Dove sognano le tartarughe: l’immagine di copertina

"La realtà stonata", introduzione di Girolamo Grammatico

Se vi raccontassi che ho incontrato delle persone e che queste persone si riuniscono tutti i lunedì ed i venerdì attorno ad un tavolo per un laboratorio di scrittura. Che con queste persone ho scambiato quattro chiacchiere. Se vi dicessi che mi hanno parlato di Luca Moretti, che insegna loro a scrivere. Che Luca è una persona onesta e dolce, una di quelle che non s’arrabbiano mai. Che al laboratorio, sentendo loro, Luca propone un tema, un argomento, sul quale poi ricamano sopra una storia. Che poi la impaginano e la correggono. Che scelgono anche il titolo. Se vi dicessi che le loro storie, mi spiegano, parlano di una New York del ’94, di scale mobili nella partita Italia – Norvegia, di una gita all’agriturismo dell’anno scorso che era stata bella perché non c’erano mai stati. Se aggiungessi i loro commenti sul laboratorio di scrittura, che li unisce, perché si confrontano e si raccontano storie. Se queste persone mi parlassero di altri scrittori, se accennassi ai loro gusti letterari che vanno dai libri autobiografici ai noir ai libri di anatomia. Che se potessero scrivere una lettera la invierebbero a Totti, a Masini, a Gigi D’Alessio o a Stefania di Mentana che è dall’’87 che non la vede. Oppure a Gesù bambino per chiedergli aiuto per mamma e papà o alla sorella, per avere notizie del nipotino.

Se per esempio vi elencassi le parole che a loro piacciono di più, come: “relax”, “sognare”, “dolce” e “azzurro”, ma anche la parola “sesso”, e la parola “logorroico”. A qualcuno piaceva solo la lettera “D” e la parola “pacchia” è stata pronunciata con una
certa baldanza. Qualcun altro, che non parla mai, ma che essendo ad un corso di scrittura può partecipare lo stesso, la sua parola preferita l’ha scritta: pace. Ho sentito pure sussurrare la parola “tartaruga”, con timidezza. Se vi dicessi che loro pensano che il libro che tenete tra le mani è un libro che può essere letto da tutti. Che una copia
andrà allo zio Andrea a una allo zio Armandino che non è mai contento della nipote.
Se vi raccontassi tutto ciò, né più né meno. Se scrivessi tutto quello che ci siamo detti, intuireste mai i loro problemi? Le loro difficoltà? O pensereste che sono persone qualunque, nella media. Che assomigliano a tante altre persone con gusti e passioni simili? Vi verrebbero mai in mente parole come disagio e disabilità? O giurereste che sembrano il figlio di un vostro amico? Uno di loro mi disse che la scrittura è piacevole, è manuale e la fai su un foglio di carta senza punteggiatura e scrivi quello che vuoi! Beh, le loro vite forse mancano di punteggiatura, perché certi problemi non danno tregua, nessuna pausa, ma raccontano ugualmente e con chiarezza, la disarmante bellezza dell’universo.

May 15th, 2009

Il reading delle tartarughe: brevi shot realizzati durante le prove del reading di “Dove sognano le tartarughe”.

Il reading delle tartarughe

Si è svolta oggi presso il C’entro di via Antonio Toscani, Strada Sociale, la prova del reading di “Dove sognano le tartarughe”, il libro di prossima pubblicazione realizzato dai ragazzi del centro diurno insieme a Luca Moretti.
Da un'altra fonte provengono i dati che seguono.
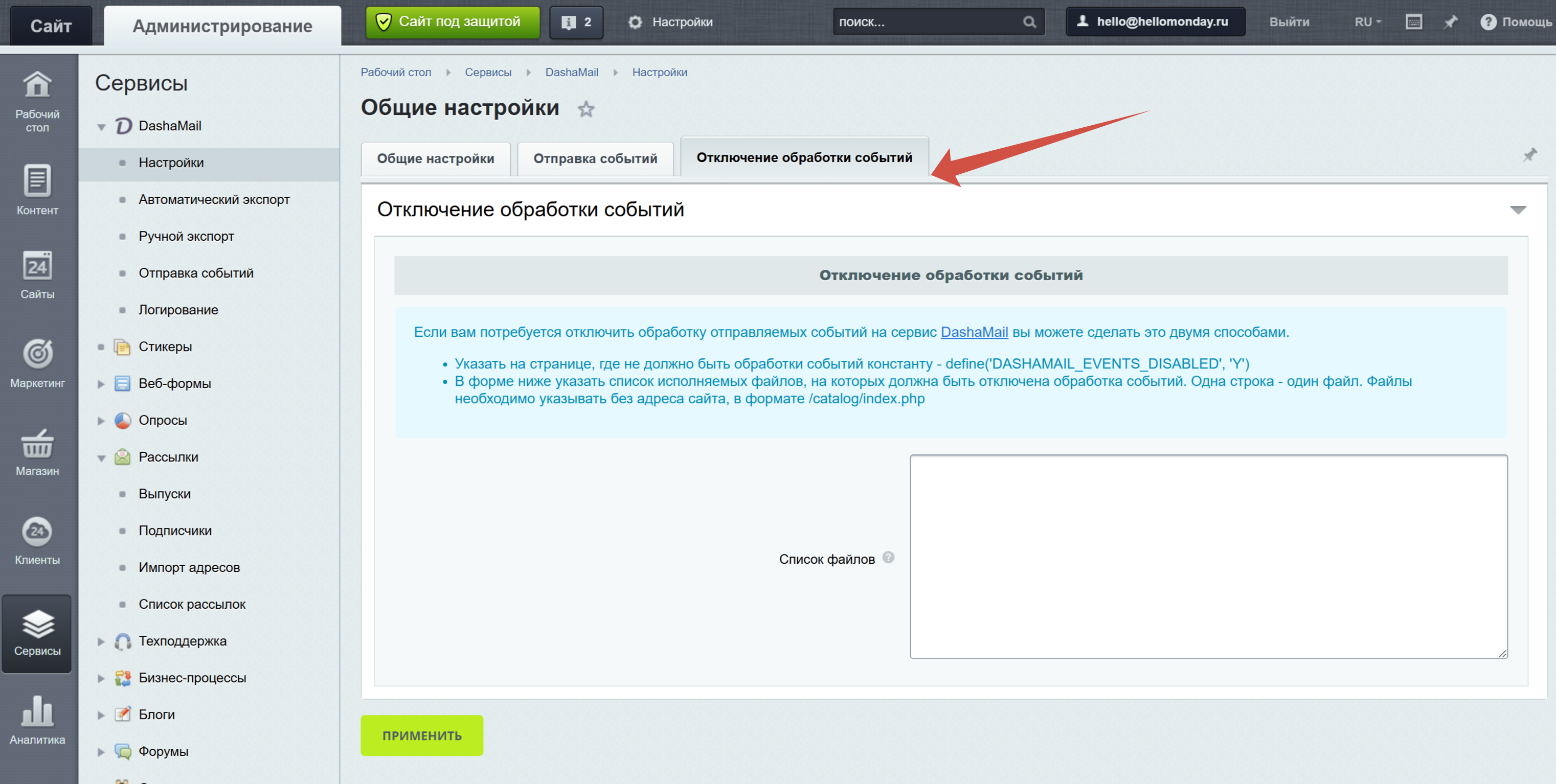 Помимо выгрузки пользователей сайта в базы, модуль также имеет возможность передавать необходимые события в сервис для последующей работы с ними в DashaMail.
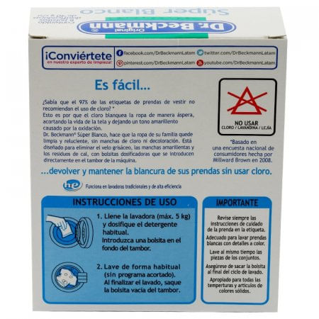 Blanqueador Súper Blanco 200553 240 Gr No te estreses refregando tu ropa blanca para que quede como nueva, usa este increíble blanqueador que gracias a sus componentes, te ayudan a dejar tu ropa intacta a pesar de que pase el tiempo. Siéntete el más cada que utilices prendas de vestir blancas, ya que gracias a este producto, siempre estarás reluciente, sin miedo a que te vean las manchas de grasa o amarillentas, que deja el constante lavado de ropa. Además evita que se percudan tus prendas, ya que no tiene cloro. Así dejas de lado blanqueadores de ropa ásperos, que no te garanticen resultados útiles e inmediatos. Es momento de que todo tu closet brille más que las estrellas, ¡Arriésgate! Sin cloro Elimina el velo grisáceo Elimina las manchas amarillentas Elimina los residuos de la cal Evita el percudido
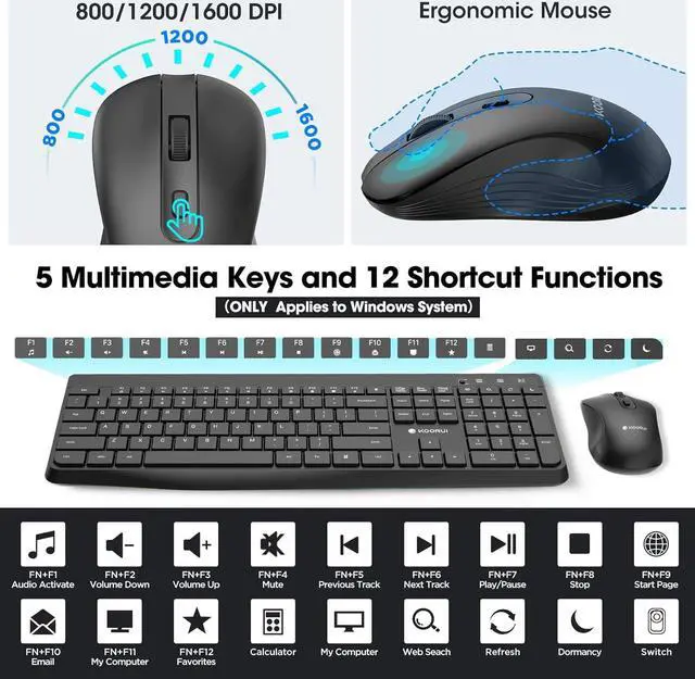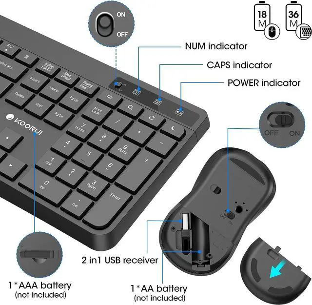 [KOORUI SERVICES] KOORUI provide high-quality keyboard and mouse set and premium services, included 12 months warranty service. If you find any damage, malfunction or missing accessories, please feel free to contact us
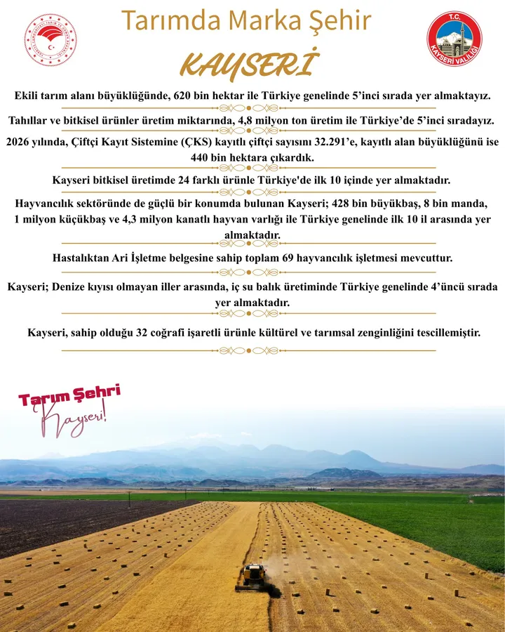 24 farklı üründe ilk 10’da yer alan Kayseri, birçok başlıkta zirveye oynuyor. Milyonları aşan hayvan varlığı, iç su balıkçılığındaki başarısı ve coğrafi işaretli ürünleriyle şehir, tarımda “ben de varım” demekle kalmadı, oyunun kurallarını değiştirdi.
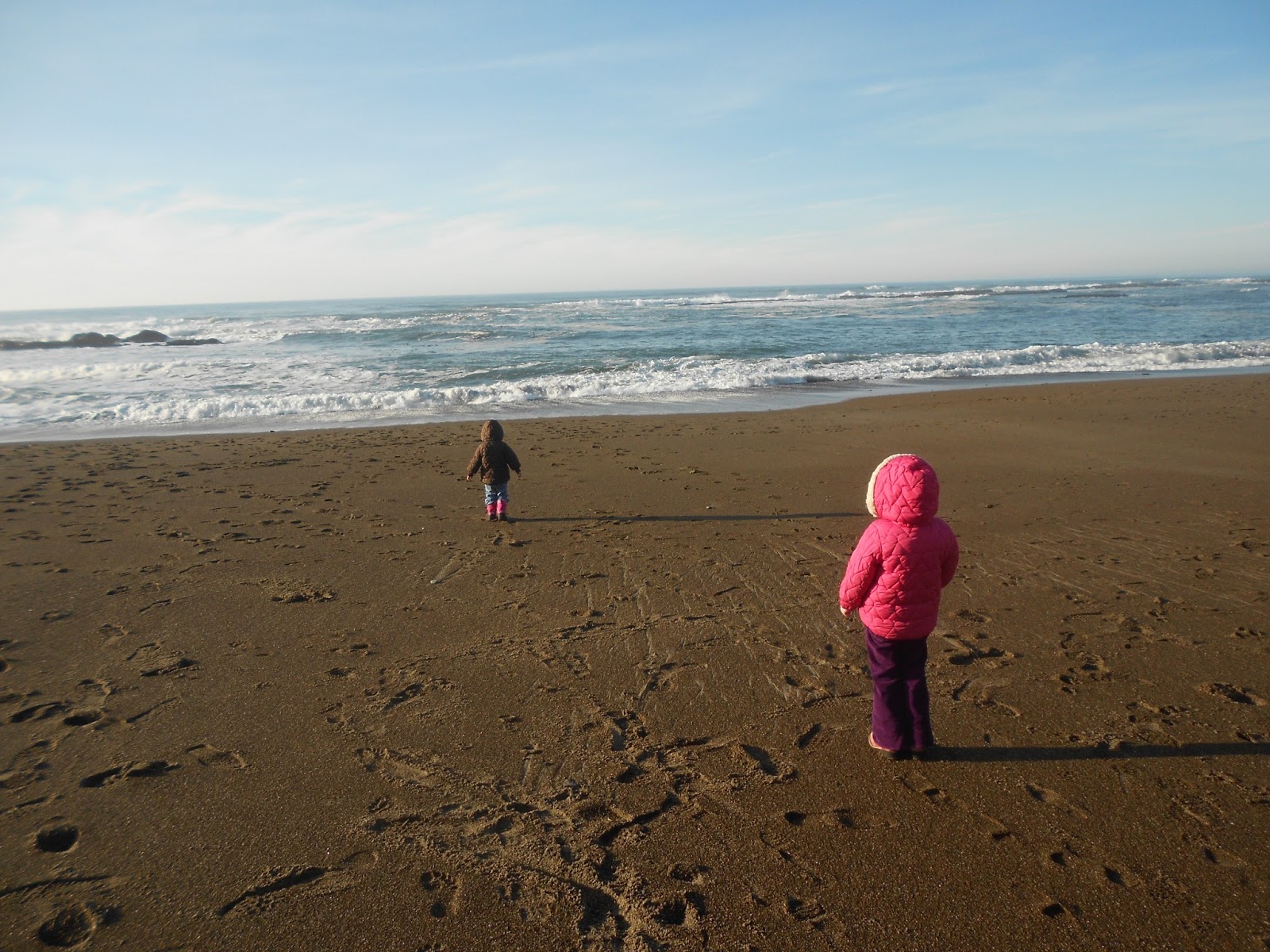 Adam had the day off from medical school so I drove us to the ocean while he studied with the netbook. We shared some youtube videos with the girls about Dr. King in the morning and Claire had lots of questions about how the world could have gotten that far out of hand so she talked to me while Sophie wheezed through a cold and watched Little Mermaid. I could hear Eloise's squeaky giraffe going but I think she mostly stared in adoration at Claire--as is her wont.
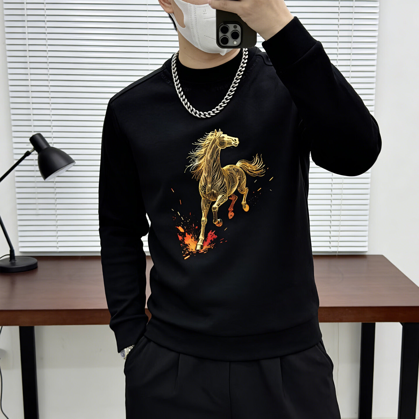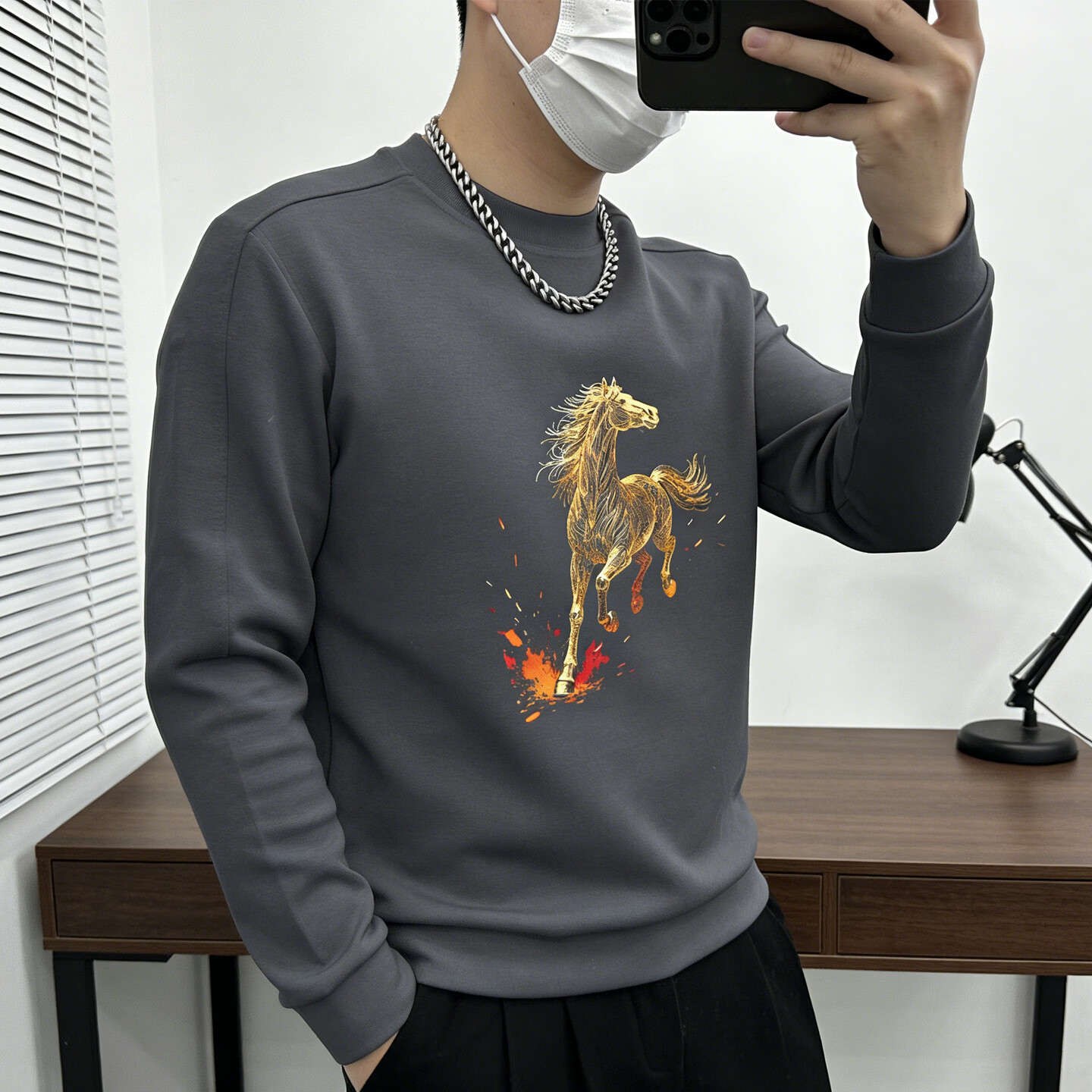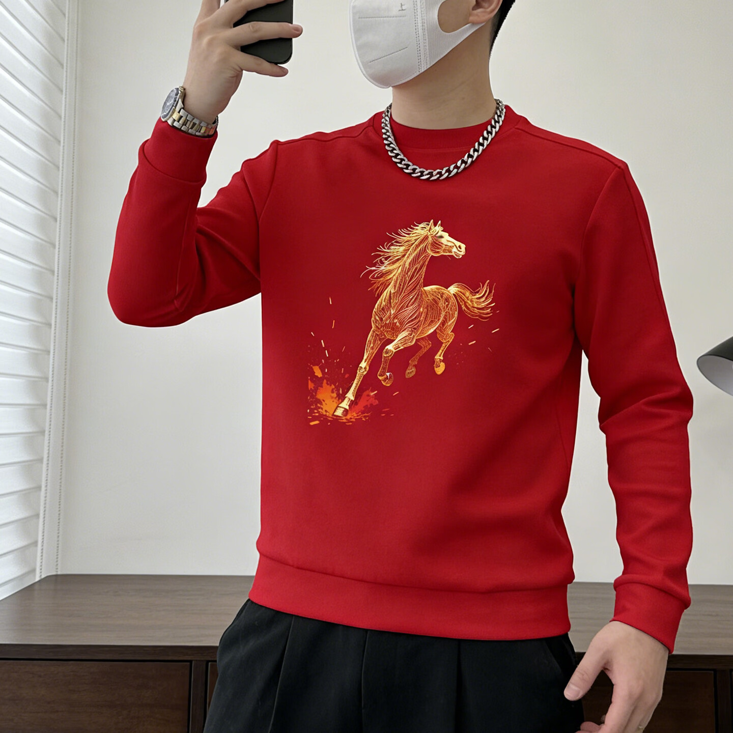 Playboy Chinese style red sweatshirt for men 2026 spring round neck long-sleeved sweatshirt bottoming shirt national trend plus velvet gray M 90-100Jin Jin is equal to 0.5 kg

Post e galleria di immagini su Strada Sociale.

reading tartarughe

May 11th, 2009

Luca Moretti annuncia la prossima uscita di “Dove sognano le tartarughe“, raccolta di racconti scritti dagli utenti del centro diurno “C’entro” gestito dalla Cooperativa Agorà a Roma, via Antonio Toscani “Strada Sociale”.

May 8th, 2009

Le tartarughe ce l'hanno fatta!

Ultimo giorno oggi per il laboratorio di scrittura anomalo tenuto da Luca Moretti presso il C’entro della Cooperativa Agorà (via Toscani Strada Sociale). Il libro, una raccolta di racconti scritti dagli utenti del C’entro, andrà in stampa la prossima settimana, terminate le ultime correzioni.

Post e galleria di immagini su Strada Sociale.

April 20th, 2009
Dal laboratorio di scrittura di Strada Sociale e Terranullius: Loop to a nightingale.

Dal laboratorio di scrittura di Strada Sociale e Terranullius: Loop to a nightingale.

April 6th, 2009

Luca Moretti, scrittore e agitatore culturale, da alcuni mesi sta realizzando un corso di scrittura presso il C’entro di via Antonio Toscani 99 (Strada Sociale, Roma), nell’ambito di un progetto finalizzato alla pubblicazione di un libro di racconti scritti dagli utenti. Avvicinandosi alla fase conclusiva, con i racconti in fase di correzione e un titolo definitivo - “Dove sognano le tartarughe” -, Luca ci racconta in breve la storia di questa esperienza assolutamente unica.

Post originale su Strada Sociale.

March 23rd, 2009

"Oggi sono stato in un centro diurno", di Girolamo Grammatico

Oggi sono stato in un centro diurno con persone che soffrono di problemi psichiatrici. Luca Moretti sta tenendo un Laboratorio di Scrittura con questi gioielli. Io avevo il compito di intervistarli sul percorso fatto. Non li conoscevo e fare un’intervista con persone problematiche senza aver avuto il tempo per instaurare una relazione di fiducia è complesso, difficile.

reading tartarughe

Leggi tutto il post di Girolamo Grammatico.

February 24th, 2009

Luca Moretti in “mission quasi impossible”

Un giorno è arrivato un giovane scrittore, “un talento emergente”  e molto coraggioso; ci ha proposto un laboratorio di scrittura. Fino a quel giorno, avevamo scritto a modo nostro: sceneggiature per cortometraggi, articoli da pubblicare sul  blog, cronache delle nostre uscite, resoconti delle attività del c’entro e molto altro… Ma questa volta si trattava di un’altra cosa! Lui era un addetto ai lavori e si è presentato ai ragazzi dicendo: “scriveremo insieme un libro”. Stava puntando molto in alto! E noi, forse perché conoscevamo i nostri limiti, forse anche semplicemente per paura di deludere le sue aspettative e immaginando  le frustrazioni che ne sarebbero seguite, ci siamo un po’ spaventati. Nello stesso momento, eravamo entusiasti per questa nuova esperienza; avevamo la possibilità di confrontarci ancora una volta col mondo esterno usando uno strumento nuovo, guardarci dentro con una lente diversa.
Lui, Luca, ci ha coinvolto subito; ci ha introdotto nel mondo della scrittura, parlandoci di sé e della sua esperienza - passione e lo ha fatto anche fisicamente, portandoci con sé alla fiera della piccola e media editoria.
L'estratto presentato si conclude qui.